Required action
Starting at the first line of the data, print every line up to and including the one with "A sophisticated timepiece", but no pictures.

Material provided

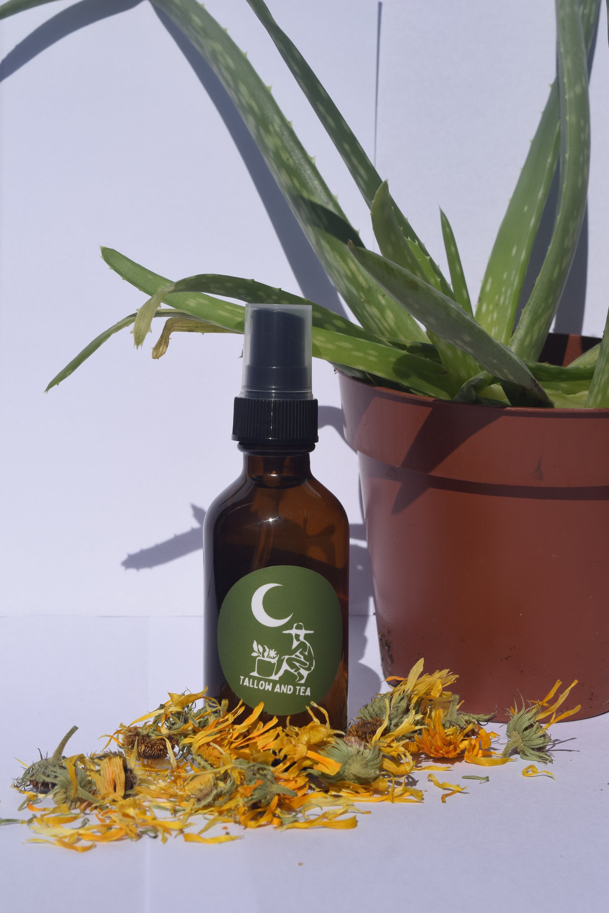 Ingredients: water, sea salt, peppermint hydrosol, calendula hydrosol, 100% rosemary essential oil, and aloe vera.
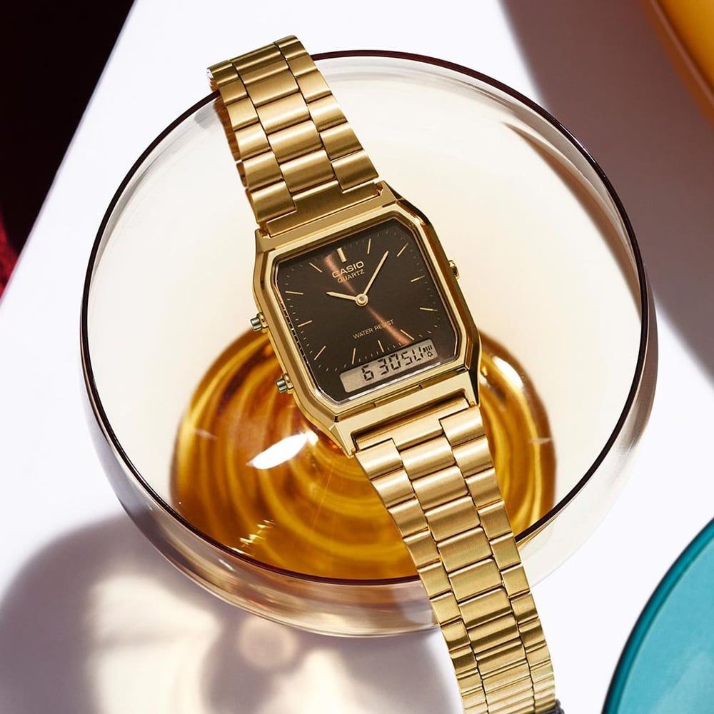 A sophisticated timepiece that artfully blends vintage charm with modern functionality. This dual-display watch combines an analogue clock face with a digital screen, making it a practical yet stylish accessory for any occasion. Key features include both analogue hands and a digital display for added convenience and versatility. A rectangular gold-tone stainless steel case and matching bracelet exude timeless sophistication, complemented by a brown dial. With a slim and lightweight profile, it fits comfortably on the wrist, ideal for everyday wear. Its gold-tone finish and versatile features make it a standout choice for casual and formal settings alike.
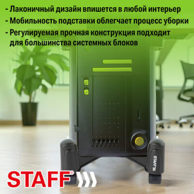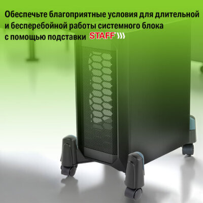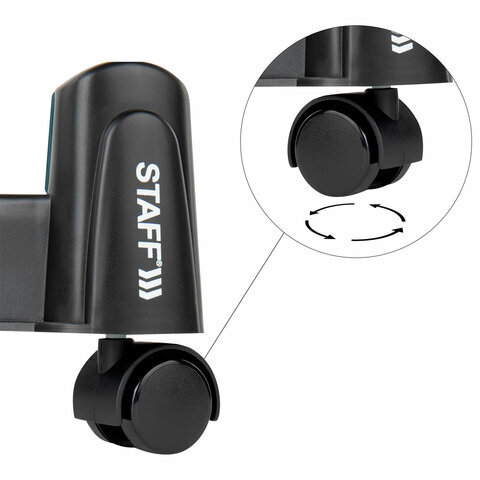 Передвижная подставка для системного блока STAFF. Мобильность подставки позволяет передвигать системный блок компьютера без усилий, не повреждая напольное покрытие. Благодаря этому появляется возможность производить более тщательную уборку рабочего места.
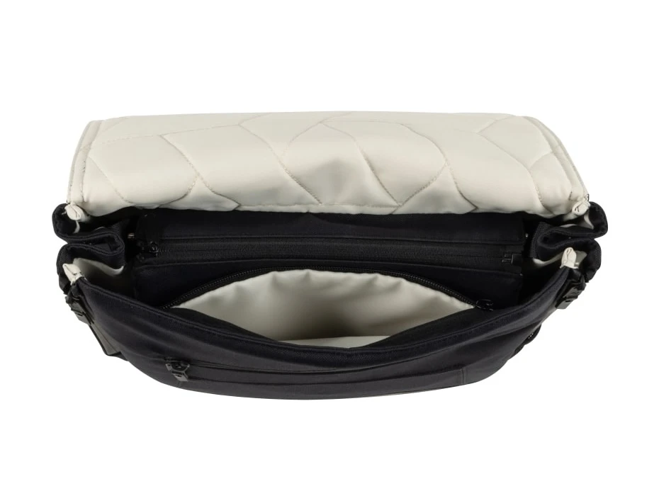 Batoh je možné zavesiť na madlo kočíka, nosiť na chrbte či v ruke aj navliecť na rukoväť kufra na kolieskach.

Response to the task
 Ingredients: water, sea salt, peppermint hydrosol, calendula hydrosol, 100% rosemary essential oil, and aloe vera.
 A sophisticated timepiece that artfully blends vintage charm with modern functionality. This dual-display watch combines an analogue clock face with a digital screen, making it a practical yet stylish accessory for any occasion. Key features include both analogue hands and a digital display for added convenience and versatility. A rectangular gold-tone stainless steel case and matching bracelet exude timeless sophistication, complemented by a brown dial. With a slim and lightweight profile, it fits comfortably on the wrist, ideal for everyday wear. Its gold-tone finish and versatile features make it a standout choice for casual and formal settings alike.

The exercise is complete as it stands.